Dataset items
%%

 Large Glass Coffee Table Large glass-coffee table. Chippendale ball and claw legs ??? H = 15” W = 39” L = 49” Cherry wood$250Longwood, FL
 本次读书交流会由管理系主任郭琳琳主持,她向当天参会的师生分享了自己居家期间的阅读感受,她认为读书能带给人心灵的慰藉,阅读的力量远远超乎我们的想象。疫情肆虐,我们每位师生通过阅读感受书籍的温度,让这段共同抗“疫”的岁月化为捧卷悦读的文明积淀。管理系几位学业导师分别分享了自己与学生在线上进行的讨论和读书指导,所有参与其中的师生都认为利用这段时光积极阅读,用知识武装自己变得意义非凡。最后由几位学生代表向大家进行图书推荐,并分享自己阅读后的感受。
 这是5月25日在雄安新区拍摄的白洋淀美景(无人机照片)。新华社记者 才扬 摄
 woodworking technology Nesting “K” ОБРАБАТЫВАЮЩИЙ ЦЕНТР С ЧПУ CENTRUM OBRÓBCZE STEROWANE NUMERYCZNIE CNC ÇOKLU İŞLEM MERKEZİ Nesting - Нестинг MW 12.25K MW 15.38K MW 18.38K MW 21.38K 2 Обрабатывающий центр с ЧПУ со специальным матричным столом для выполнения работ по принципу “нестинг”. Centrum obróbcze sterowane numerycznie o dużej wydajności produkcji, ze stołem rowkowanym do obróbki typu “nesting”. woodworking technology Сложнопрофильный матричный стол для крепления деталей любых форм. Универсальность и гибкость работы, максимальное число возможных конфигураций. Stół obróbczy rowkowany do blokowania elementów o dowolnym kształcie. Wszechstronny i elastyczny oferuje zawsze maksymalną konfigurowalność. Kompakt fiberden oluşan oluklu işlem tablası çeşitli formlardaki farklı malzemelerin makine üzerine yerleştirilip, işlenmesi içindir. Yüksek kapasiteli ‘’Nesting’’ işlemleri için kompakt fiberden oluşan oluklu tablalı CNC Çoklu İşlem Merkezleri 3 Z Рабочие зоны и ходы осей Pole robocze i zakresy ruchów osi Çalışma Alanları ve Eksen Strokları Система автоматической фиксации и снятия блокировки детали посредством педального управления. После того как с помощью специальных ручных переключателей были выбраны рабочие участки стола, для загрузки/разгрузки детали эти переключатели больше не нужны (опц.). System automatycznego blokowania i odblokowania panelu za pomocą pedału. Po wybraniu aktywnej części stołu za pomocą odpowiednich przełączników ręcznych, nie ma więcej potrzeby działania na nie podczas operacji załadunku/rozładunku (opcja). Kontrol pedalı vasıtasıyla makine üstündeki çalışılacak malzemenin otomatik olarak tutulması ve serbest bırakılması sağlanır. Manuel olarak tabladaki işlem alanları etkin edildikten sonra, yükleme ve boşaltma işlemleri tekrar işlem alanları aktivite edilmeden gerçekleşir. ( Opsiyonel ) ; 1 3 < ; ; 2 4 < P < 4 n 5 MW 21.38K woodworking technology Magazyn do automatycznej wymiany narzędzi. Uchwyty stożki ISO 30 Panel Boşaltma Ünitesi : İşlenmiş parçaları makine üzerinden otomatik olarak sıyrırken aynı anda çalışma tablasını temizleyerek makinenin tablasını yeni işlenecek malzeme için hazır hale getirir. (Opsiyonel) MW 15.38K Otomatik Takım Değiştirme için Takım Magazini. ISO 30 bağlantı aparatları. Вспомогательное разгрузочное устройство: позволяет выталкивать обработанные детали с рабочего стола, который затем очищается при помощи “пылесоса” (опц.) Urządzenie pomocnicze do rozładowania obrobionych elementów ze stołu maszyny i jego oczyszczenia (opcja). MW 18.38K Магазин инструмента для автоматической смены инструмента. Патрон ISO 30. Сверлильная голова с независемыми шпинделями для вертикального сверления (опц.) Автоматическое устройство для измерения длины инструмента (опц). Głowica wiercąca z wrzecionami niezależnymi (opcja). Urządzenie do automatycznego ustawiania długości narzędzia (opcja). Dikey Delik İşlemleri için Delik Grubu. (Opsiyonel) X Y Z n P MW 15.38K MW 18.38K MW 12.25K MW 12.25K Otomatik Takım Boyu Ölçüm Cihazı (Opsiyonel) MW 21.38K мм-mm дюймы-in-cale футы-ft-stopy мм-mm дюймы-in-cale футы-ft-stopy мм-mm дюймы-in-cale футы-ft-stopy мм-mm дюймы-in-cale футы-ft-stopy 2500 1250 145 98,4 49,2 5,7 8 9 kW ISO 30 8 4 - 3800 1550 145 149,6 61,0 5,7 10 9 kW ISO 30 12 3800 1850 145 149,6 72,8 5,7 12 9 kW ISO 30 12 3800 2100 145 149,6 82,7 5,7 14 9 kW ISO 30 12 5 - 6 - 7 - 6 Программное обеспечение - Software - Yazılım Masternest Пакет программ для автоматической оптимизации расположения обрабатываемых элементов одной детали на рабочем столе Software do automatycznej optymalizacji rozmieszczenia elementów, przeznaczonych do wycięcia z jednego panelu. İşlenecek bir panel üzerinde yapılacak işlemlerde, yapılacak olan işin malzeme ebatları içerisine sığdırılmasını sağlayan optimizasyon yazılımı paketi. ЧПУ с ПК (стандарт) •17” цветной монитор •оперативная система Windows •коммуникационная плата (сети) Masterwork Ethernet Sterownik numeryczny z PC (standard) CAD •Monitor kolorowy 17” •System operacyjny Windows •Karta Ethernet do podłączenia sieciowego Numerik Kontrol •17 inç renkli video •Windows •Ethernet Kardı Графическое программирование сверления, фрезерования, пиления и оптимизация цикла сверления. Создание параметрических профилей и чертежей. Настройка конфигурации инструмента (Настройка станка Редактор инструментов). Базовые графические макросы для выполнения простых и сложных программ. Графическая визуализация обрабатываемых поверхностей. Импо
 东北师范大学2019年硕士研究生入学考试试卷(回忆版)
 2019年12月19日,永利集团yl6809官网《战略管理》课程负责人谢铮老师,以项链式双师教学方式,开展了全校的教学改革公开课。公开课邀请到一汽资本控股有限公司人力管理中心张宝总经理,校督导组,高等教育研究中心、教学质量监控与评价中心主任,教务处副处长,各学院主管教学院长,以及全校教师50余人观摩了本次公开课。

%%

- _TASK TO COMPLETE_
Reproduce every record, matching each line exactly.

- _SOLVED PROBLEM_
 Large Glass Coffee Table Large glass-coffee table. Chippendale ball and claw legs ??? H = 15” W = 39” L = 49” Cherry wood$250Longwood, FL
 本次读书交流会由管理系主任郭琳琳主持,她向当天参会的师生分享了自己居家期间的阅读感受,她认为读书能带给人心灵的慰藉,阅读的力量远远超乎我们的想象。疫情肆虐,我们每位师生通过阅读感受书籍的温度,让这段共同抗“疫”的岁月化为捧卷悦读的文明积淀。管理系几位学业导师分别分享了自己与学生在线上进行的讨论和读书指导,所有参与其中的师生都认为利用这段时光积极阅读,用知识武装自己变得意义非凡。最后由几位学生代表向大家进行图书推荐,并分享自己阅读后的感受。
 这是5月25日在雄安新区拍摄的白洋淀美景(无人机照片)。新华社记者 才扬 摄
 woodworking technology Nesting “K” ОБРАБАТЫВАЮЩИЙ ЦЕНТР С ЧПУ CENTRUM OBRÓBCZE STEROWANE NUMERYCZNIE CNC ÇOKLU İŞLEM MERKEZİ Nesting - Нестинг MW 12.25K MW 15.38K MW 18.38K MW 21.38K 2 Обрабатывающий центр с ЧПУ со специальным матричным столом для выполнения работ по принципу “нестинг”. Centrum obróbcze sterowane numerycznie o dużej wydajności produkcji, ze stołem rowkowanym do obróbki typu “nesting”. woodworking technology Сложнопрофильный матричный стол для крепления деталей любых форм. Универсальность и гибкость работы, максимальное число возможных конфигураций. Stół obróbczy rowkowany do blokowania elementów o dowolnym kształcie. Wszechstronny i elastyczny oferuje zawsze maksymalną konfigurowalność. Kompakt fiberden oluşan oluklu işlem tablası çeşitli formlardaki farklı malzemelerin makine üzerine yerleştirilip, işlenmesi içindir. Yüksek kapasiteli ‘’Nesting’’ işlemleri için kompakt fiberden oluşan oluklu tablalı CNC Çoklu İşlem Merkezleri 3 Z Рабочие зоны и ходы осей Pole robocze i zakresy ruchów osi Çalışma Alanları ve Eksen Strokları Система автоматической фиксации и снятия блокировки детали посредством педального управления. После того как с помощью специальных ручных переключателей были выбраны рабочие участки стола, для загрузки/разгрузки детали эти переключатели больше не нужны (опц.). System automatycznego blokowania i odblokowania panelu za pomocą pedału. Po wybraniu aktywnej części stołu za pomocą odpowiednich przełączników ręcznych, nie ma więcej potrzeby działania na nie podczas operacji załadunku/rozładunku (opcja). Kontrol pedalı vasıtasıyla makine üstündeki çalışılacak malzemenin otomatik olarak tutulması ve serbest bırakılması sağlanır. Manuel olarak tabladaki işlem alanları etkin edildikten sonra, yükleme ve boşaltma işlemleri tekrar işlem alanları aktivite edilmeden gerçekleşir. ( Opsiyonel ) ; 1 3 < ; ; 2 4 < P < 4 n 5 MW 21.38K woodworking technology Magazyn do automatycznej wymiany narzędzi. Uchwyty stożki ISO 30 Panel Boşaltma Ünitesi : İşlenmiş parçaları makine üzerinden otomatik olarak sıyrırken aynı anda çalışma tablasını temizleyerek makinenin tablasını yeni işlenecek malzeme için hazır hale getirir. (Opsiyonel) MW 15.38K Otomatik Takım Değiştirme için Takım Magazini. ISO 30 bağlantı aparatları. Вспомогательное разгрузочное устройство: позволяет выталкивать обработанные детали с рабочего стола, который затем очищается при помощи “пылесоса” (опц.) Urządzenie pomocnicze do rozładowania obrobionych elementów ze stołu maszyny i jego oczyszczenia (opcja). MW 18.38K Магазин инструмента для автоматической смены инструмента. Патрон ISO 30. Сверлильная голова с независемыми шпинделями для вертикального сверления (опц.) Автоматическое устройство для измерения длины инструмента (опц). Głowica wiercąca z wrzecionami niezależnymi (opcja). Urządzenie do automatycznego ustawiania długości narzędzia (opcja). Dikey Delik İşlemleri için Delik Grubu. (Opsiyonel) X Y Z n P MW 15.38K MW 18.38K MW 12.25K MW 12.25K Otomatik Takım Boyu Ölçüm Cihazı (Opsiyonel) MW 21.38K мм-mm дюймы-in-cale футы-ft-stopy мм-mm дюймы-in-cale футы-ft-stopy мм-mm дюймы-in-cale футы-ft-stopy мм-mm дюймы-in-cale футы-ft-stopy 2500 1250 145 98,4 49,2 5,7 8 9 kW ISO 30 8 4 - 3800 1550 145 149,6 61,0 5,7 10 9 kW ISO 30 12 3800 1850 145 149,6 72,8 5,7 12 9 kW ISO 30 12 3800 2100 145 149,6 82,7 5,7 14 9 kW ISO 30 12 5 - 6 - 7 - 6 Программное обеспечение - Software - Yazılım Masternest Пакет программ для автоматической оптимизации расположения обрабатываемых элементов одной детали на рабочем столе Software do automatycznej optymalizacji rozmieszczenia elementów, przeznaczonych do wycięcia z jednego panelu. İşlenecek bir panel üzerinde yapılacak işlemlerde, yapılacak olan işin malzeme ebatları içerisine sığdırılmasını sağlayan optimizasyon yazılımı paketi. ЧПУ с ПК (стандарт) •17” цветной монитор •оперативная система Windows •коммуникационная плата (сети) Masterwork Ethernet Sterownik numeryczny z PC (standard) CAD •Monitor kolorowy 17” •System operacyjny Windows •Karta Ethernet do podłączenia sieciowego Numerik Kontrol •17 inç renkli video •Windows •Ethernet Kardı Графическое программирование сверления, фрезерования, пиления и оптимизация цикла сверления. Создание параметрических профилей и чертежей. Настройка конфигурации инструмента (Настройка станка Редактор инструментов). Базовые графические макросы для выполнения простых и сложных программ. Графическая визуализация обрабатываемых поверхностей. Импо
 东北师范大学2019年硕士研究生入学考试试卷(回忆版)
 2019年12月19日,永利集团yl6809官网《战略管理》课程负责人谢铮老师,以项链式双师教学方式,开展了全校的教学改革公开课。公开课邀请到一汽资本控股有限公司人力管理中心张宝总经理,校督导组,高等教育研究中心、教学质量监控与评价中心主任,教务处副处长,各学院主管教学院长,以及全校教师50余人观摩了本次公开课。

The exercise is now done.